There was some reason to worry, then, at the beginning of this week, when a group of 10 Republican senators received an audience with President Biden to discuss the economic relief package currently making its way through the Democrat-run Congress. Those senators had just released a sketchy framework for an alternative to the White House’s package. In traditional Senate style, it mainly took what had already been proposed and arbitrarily cut a bunch of the numbers either in half or all the way to zero. When it comes time to negotiate legislation, our lawmakers abandon any pretense of seeing bills in terms of whether they solve the problems they are purported to address. Everything is abstracted into some dollar amount a senator is or isn’t comfortable with.
The fear that Biden would fall for this feint stemmed from his long record of making deals with the opposition: Perhaps the president—who had promised the American people that he alone had the background and character to bring Republicans back to the negotiating table—would become so giddy at the prospect of passing his first major piece of legislation with bipartisan support that he would decide to meet these Republicans in what he considered the middle, needlessly making the relief bill less generous in order to make it more palatable to Republicans (who would likely have still found some reason to withhold their support in the end anyway).

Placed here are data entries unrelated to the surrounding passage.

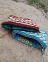 After learning the wedge weave style on a traditional Navajo loom, I was was inspired to create a similar knitting design. As I am always in need of places to safely store my small notions (yarn needles, stitch markers, scissors, etc.) I decided to create this pouch. It is knit in the round using Judy’s Magic cast on to create the bottom (a standard cast on can also be used). A zipper and lining is added with a simple backstitch and hand sewing. If you have never added a zipper to a knitting project, I challenge you to give it a shot!
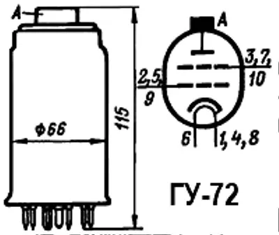 ГУ-72 тетрод генераторный относится к разделу электровакуумных приборов и ламп различного назначения. По конструкции тетрод генераторный состоит из вакуумно-герметичной, жесткой оболочки, внутри которой отсутствует кислород.
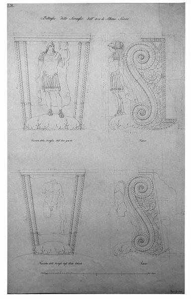 Prospetto, profili delle serraglie e sezioni degli archivolti dell'Arco di Settimio Severo a china e acquerello rosa su fondo chiaro, quotato, entro linea di margine a china. Inf.: prospetto e fianco della serraglia e sezione dell'archivolto degli archi laterali. DSup.: prospetto e fianco delle serraglie, sezione dell'archivolto dell'arco centrale.
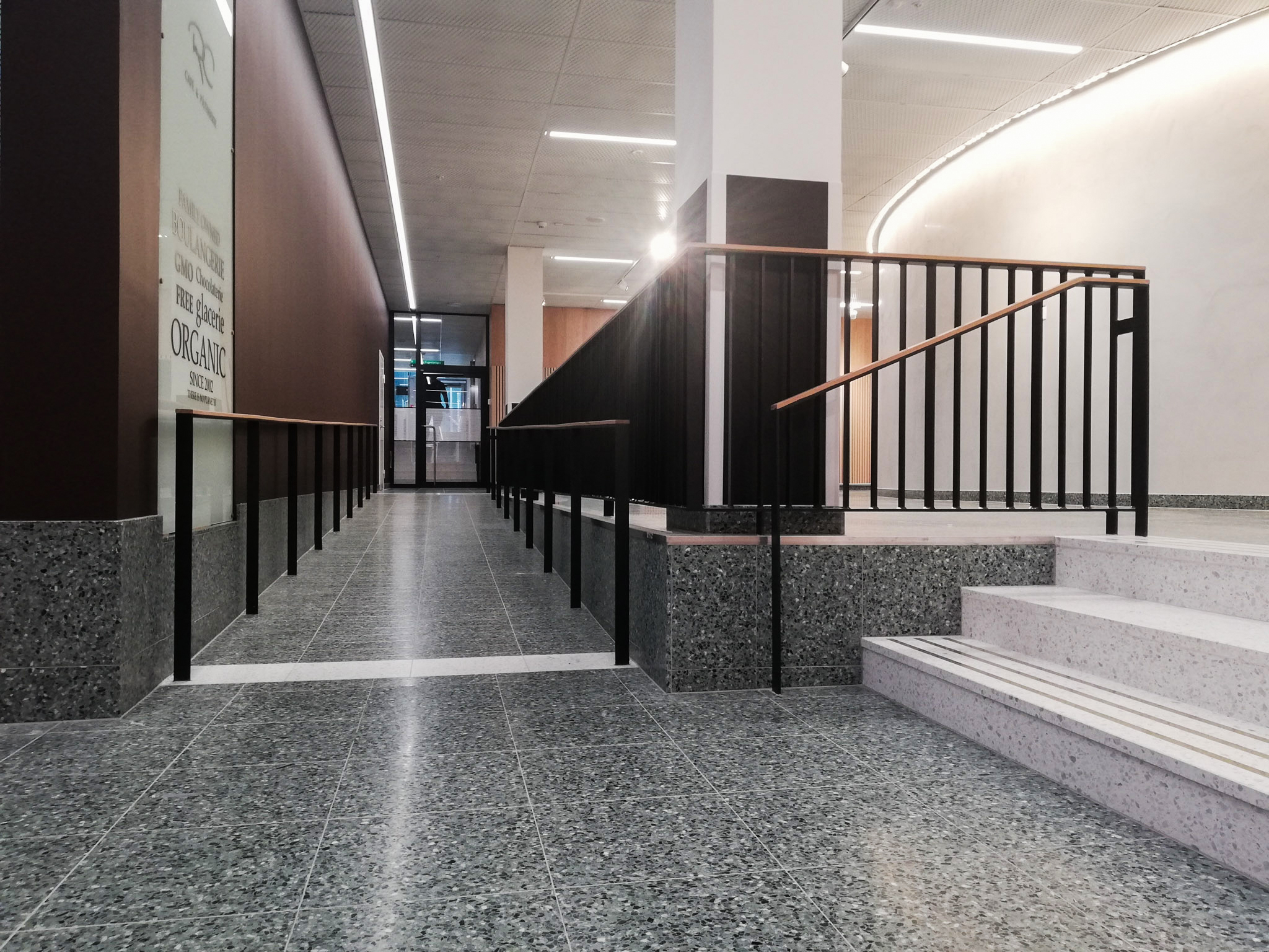 Created with the aim of becoming a center of excellence in ophthalmology, the new St. Erik Eye Hospital in Stockholm represents a meeting point between innovation, research and functional architecture. For the internal spaces, Agglotech, in collaboration with Swedish partner Svensk Terrazzo-Teknik, supplied its marble cement terrazzo for the cladding of the stairs, ensuring aesthetics, durability and safety.
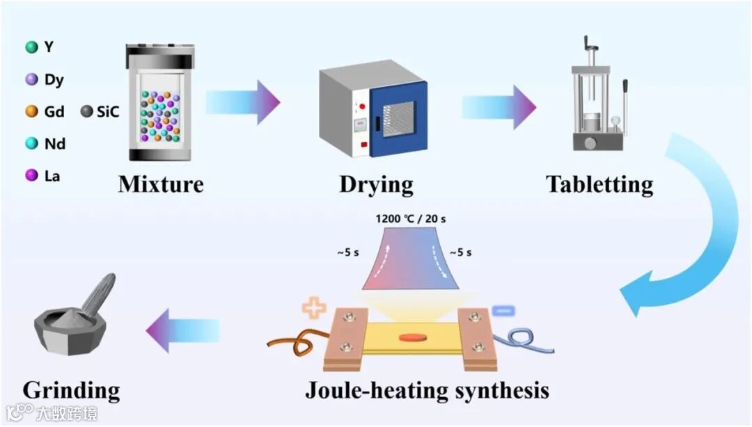 本图清晰地展示了从原料到高性能材料的全链条、高效率制备路径。研究以五种稀土金属(Y, Dy, Gd, Nd, La)与β-SiC为原料,经湿法球磨混合后压片,置于定制的高真空焦耳加热装置中。其核心在于施加20-30 A的直流电,使样品在秒级时间内经历急速升温与烧结。这张示意图突出了该工艺快速、高效、节能的核心特点,为后续实现非平衡态下高熵单相固溶体的形成奠定了技术基础。
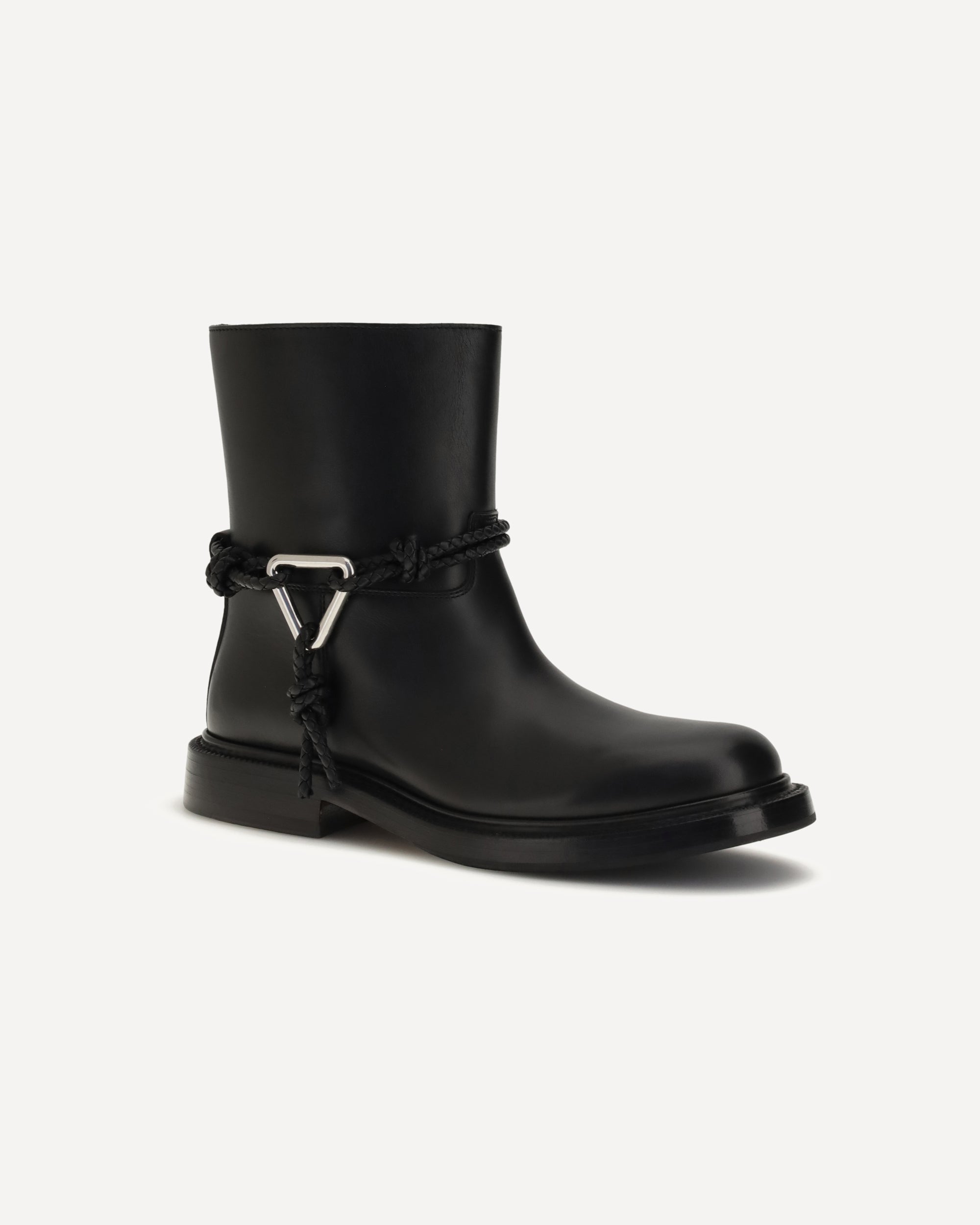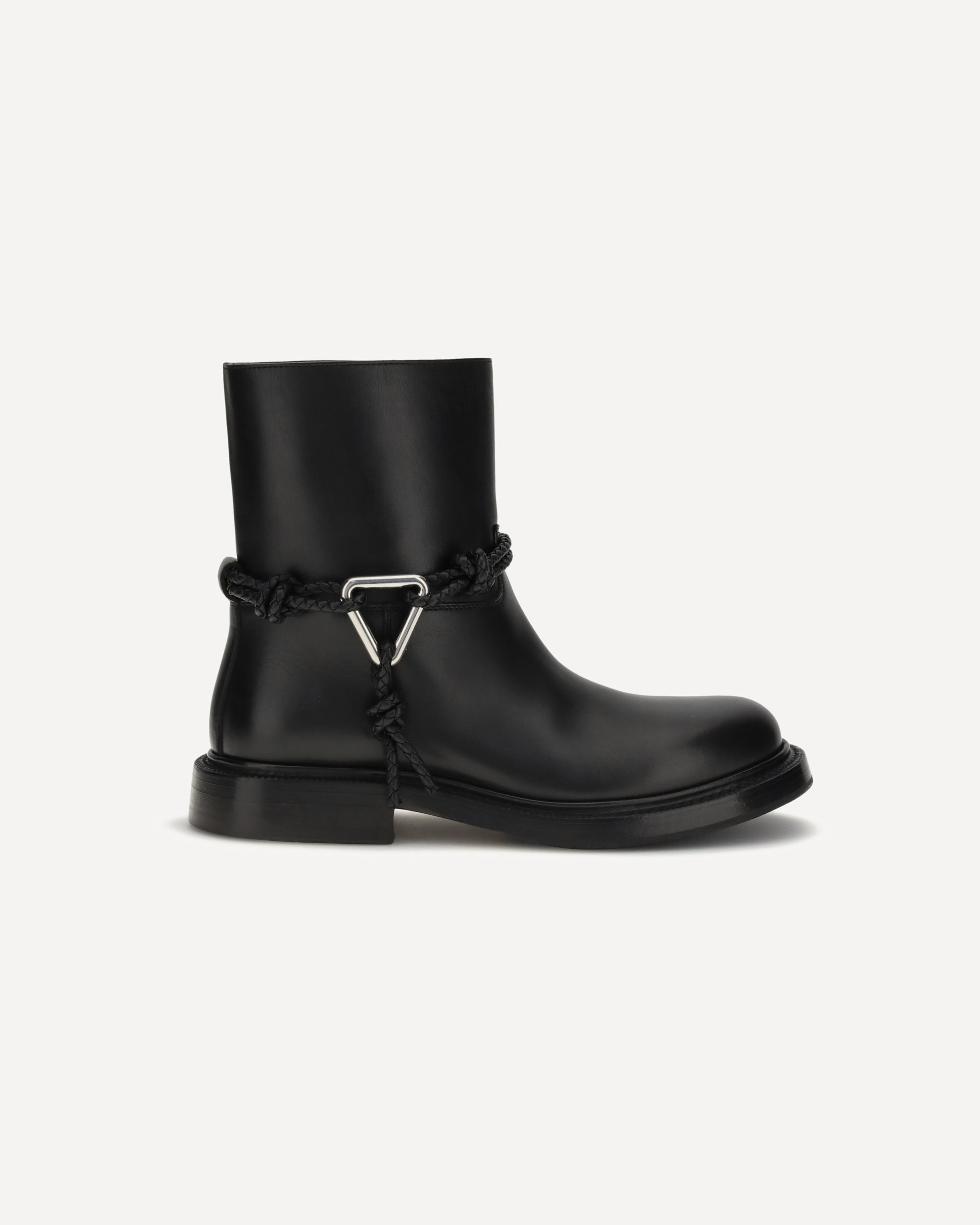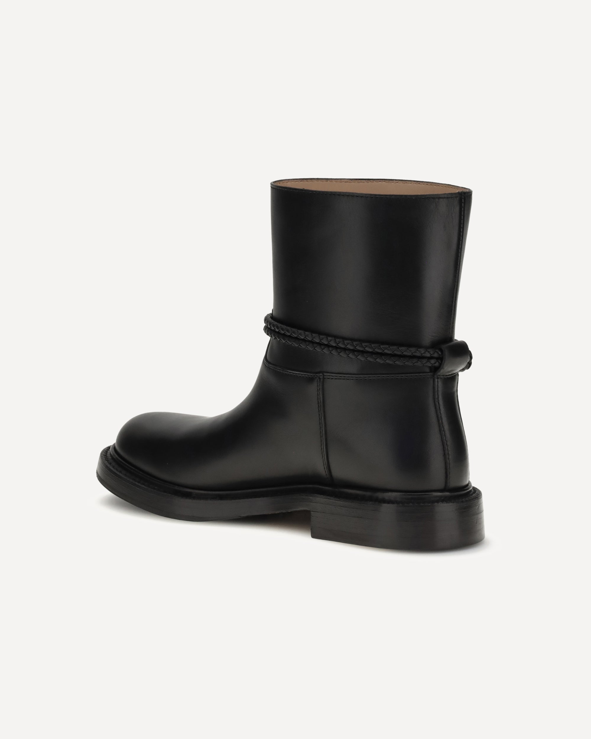These Leather Ankle Boots by Bottega Veneta feature a round toe, a braided leather strap with silver-tone hardware, and a low heel. The slip-on design ensures practicality and comfort.

Practically preempting this fear, Democratic Senate Majority Leader Chuck Schumer stated plainly that his caucus would not allow a dangled promise of bipartisan cooperation to delay and eventually sabotage the rescue package. The day after that White House meeting, the Senate began the process of passing the bill through reconciliation, which will allow it to clear the chamber with a simple majority vote—all 50 Democratic senators and no Republicans.
Democrats had learned the lessons of the Obama years, the quotes and headlines and newsletters announced. Over-delivering was preferable to under-delivering, Biden firmly told his allies in Congress. He had made a promise, and, as Bloomberg put it, “backing anything less than $1,400 stimulus checks would mean starting his presidency with a broken promise.” (The fact that Biden initially seemed to have promised the immediate delivery of $2,000 in January, and not delivery of $1,400 at some point in March, was the subject of much online debate but seemingly less concern on the Hill.)
Senator Joe Manchin, the most conservative Democrat in the Senate, was convinced. $1.9 trillion was not too much money, and the Republicans couldn’t be trusted to negotiate in good faith with their Democratic counterparts.
Then, upon very publicly determining to go it alone, the Democrats began negotiating among themselves, as the more conservative members of their caucus sought to make the centerpiece of the package stingier. Seemingly overnight, talk of Biden being open to narrowing eligibility for the $1,400 stimulus payments became a new (but still not finalized) plan to do so. If he does move forward with the narrower plan, Biden will have actively broken what he claimed was a promise that all the households that qualified for the earlier round of $600 payments would receive another check.
Because no one has come forward to claim responsibility for their role in convincing Biden to narrow the eligibility requirements, we do not have their justification for doing so. One can only speculate that it was done in the name of saving (according to an estimate from the Committee for a Responsible Federal Budget) about $25 billion, in a bill that has already been arbitrarily capped at $1.9 trillion total, perhaps because hitting $2 trillion might allow its opponents to pluralize “trillions” when attacking it.
It seems that the senatorial fetish for compromise in the service of making numbers smaller is still in effect. And this is perhaps one sign that things haven’t changed as much as pundits were claiming earlier this week: Without Republicans to cede ground to, Democrats are simply ceding it to themselves.
But in terms of lessons learned from 2009, it’s even more interesting that no Democrats (yet) have taken public credit for their moderating influence on this bill. Informed liberals have no Max Baucus on whom to train their ire (even if we can just assume it was Joe Manchin). As I wrote last month, people invested in the success of a Biden administration have less to worry about from politicians afraid to do unpopular things than they do from lawmakers who wish to block (or delay, or water down) popular things without taking public responsibility for doing so. This probably won’t be the last time Democrats in the Biden era end up cutting compromises with seemingly nonexistent negotiating partners.